Syonyk
June 27, 2023, 9:31pm
1
Rowhammer is just the gift that keeps on giving. This paper digs into ways that modern DRAM chips can also be made to misbehave (“Not keep the data written to them”) by keeping a row open.
Abstract
Memory isolation is critical for system reliability, security, and safety. Unfortunately, read disturbance can break memory isolation in modern DRAM chips. For example, RowHammer is a well-studied read-disturb phenomenon where repeatedly opening and closing (i.e., hammering) a DRAM row many times causes bitflips in physically nearby rows.

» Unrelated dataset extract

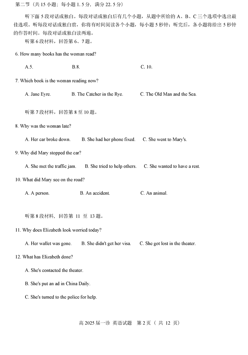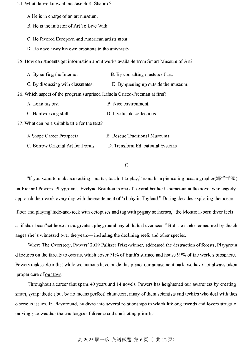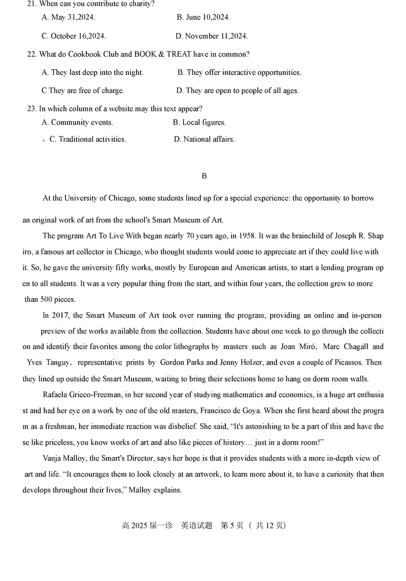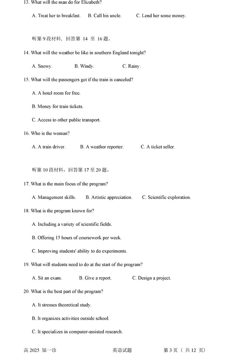 四川自贡普高2025届高三第一次诊断性考英语试题及答案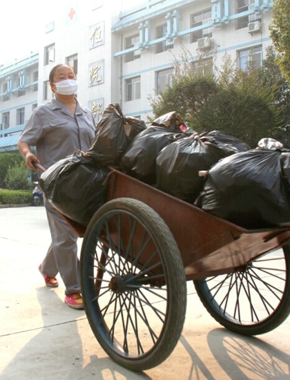楊孟林在運(yùn)垃圾

This paper experimentally demonstrates and analyzes another widespread read-disturb phenomenon, RowPress, in real DDR4 DRAM chips. RowPress breaks memory isolation by keeping a DRAM row open for a long period of time, which disturbs physically nearby rows enough to cause bitflips. We show that RowPress amplifies DRAM’s vulnerability to read-disturb attacks by significantly reducing the number of row activations needed to induce a bitflip by one to two orders of magnitude under realistic conditions. In extreme cases, RowPress induces bitflips in a DRAM row when an adjacent row is activated only once. Our detailed characterization of 164 real DDR4 DRAM chips shows that RowPress 1) affects chips from all three major DRAM manufacturers, 2) gets worse as DRAM technology scales down to smaller node sizes, and 3) affects a different set of DRAM cells from RowHammer and behaves differently from RowHammer as temperature and access pattern changes. We also show that cells vulnerable to RowPress are very different from cells vulnerable to retention failures.

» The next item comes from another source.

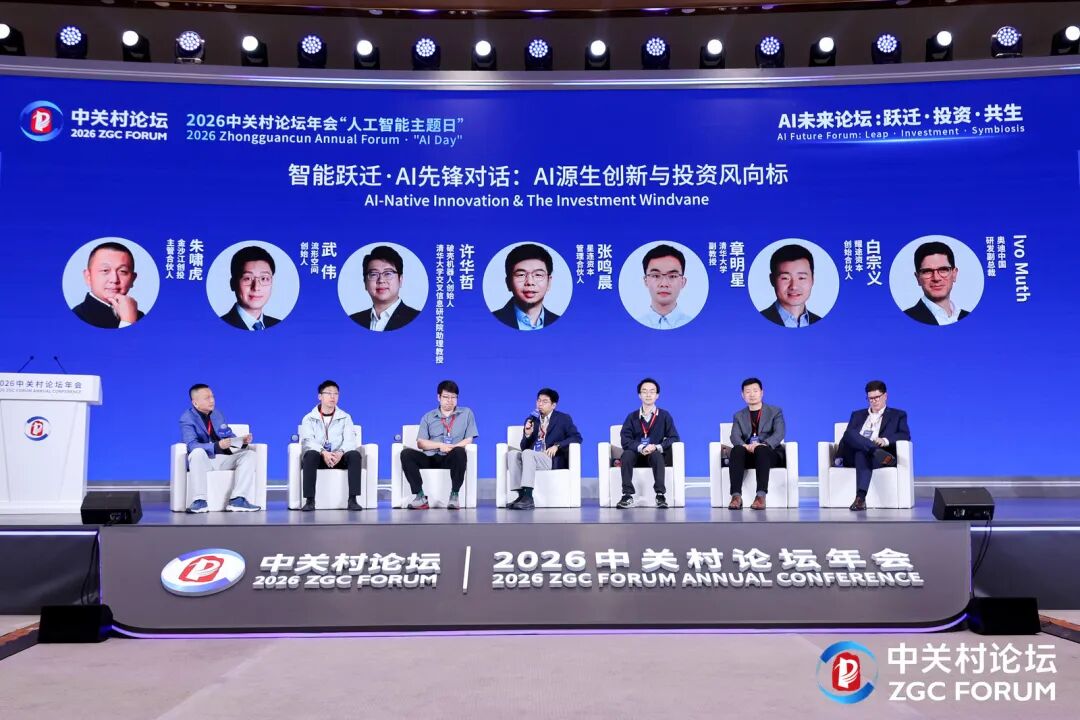 论坛的高潮出现在两场重量级圆桌对话中。在“产业重构·投资大咖对话”环节,红杉中国合伙人周逵、高瓴创始合伙人李良、经纬创投创始管理合伙人徐传陞、五源资本创始合伙人刘芹四位顶级投资人同台论道,围绕“AI新物种如何重构生产力格局”展开深度交锋。在“智能跃迁·AI先锋对话”环节,金沙江创投主管合伙人朱啸虎与星连资本管理合伙人张鸣晨、耀途资本创始合伙人白宗义、奥迪中国研发副总裁Ivo Muth、流形空间创始人兼CEO武伟、清华大学副教授章明星、破壳机器人创始人兼清华大学交叉信息研究院助理教授许华哲,从产业端、技术端、资本端三重视角,解构AI源生创新的底层逻辑与投资风向。

We demonstrate in a real DDR4-based system with RowHammer protection that 1) a user-level program induces bitflips by leveraging RowPress while conventional RowHammer cannot do so, and 2) a memory controller that adaptively keeps the DRAM row open for a longer period of time based on access pattern can facilitate RowPress-based attacks. To prevent bitflips due to RowPress, we describe and analyze four potential mitigation techniques, including a new methodology that adapts existing RowHammer mitigation techniques to also mitigate RowPress with low additional performance overhead. We evaluate this methodology and demonstrate that it is effective on a variety of workloads. We open source all our code and data to facilitate future research on RowPress.
sigh
Well that was a horrifying read.
ECC won’t save you now!
We make two key observations from our analysis. First, there are up to 25 RowPress bitflips (not shown) in a 64-bit data word. ECC schemes that are widely used in memory systems (e.g., SECDED [ 122 ] and Chipkill [ 123 – 125 ]23) cannot correct or detect all RowPress bitflips we observe, which can lead to silent data corruption [ 126 – 128 ]. Even a (7, 4) Hamming code (correcting one bitflip in a 4-bit data word) [122 ] with 75% DRAM storage overhead (3 parity bits for every 4 data bits), is not capable of correcting 25 bitflips in a 64-bit data word. Other ECC schemes that can correct all RowPress bitflips require prohibitively large storage overheads. Thus, relying on ECC alone to prevent all RowPress bitflips is a very expensive solution. Second, for all three manufacturers (Mfrs. A, B, and C), a significant fraction (up to 0.99%, 35.77%, and 10.08% for tAggON =7.8 μs, respectively) of 64-bit data words exhibit at least three Row-Press bitflips. This makes RowPress bitflips costly to prevent usingtechniques like memory page retirement (where erroneous DRAM rows are not used in the system) [ 129 , 130 ] since such techniques could render up to 35.77% of storage capacity useless.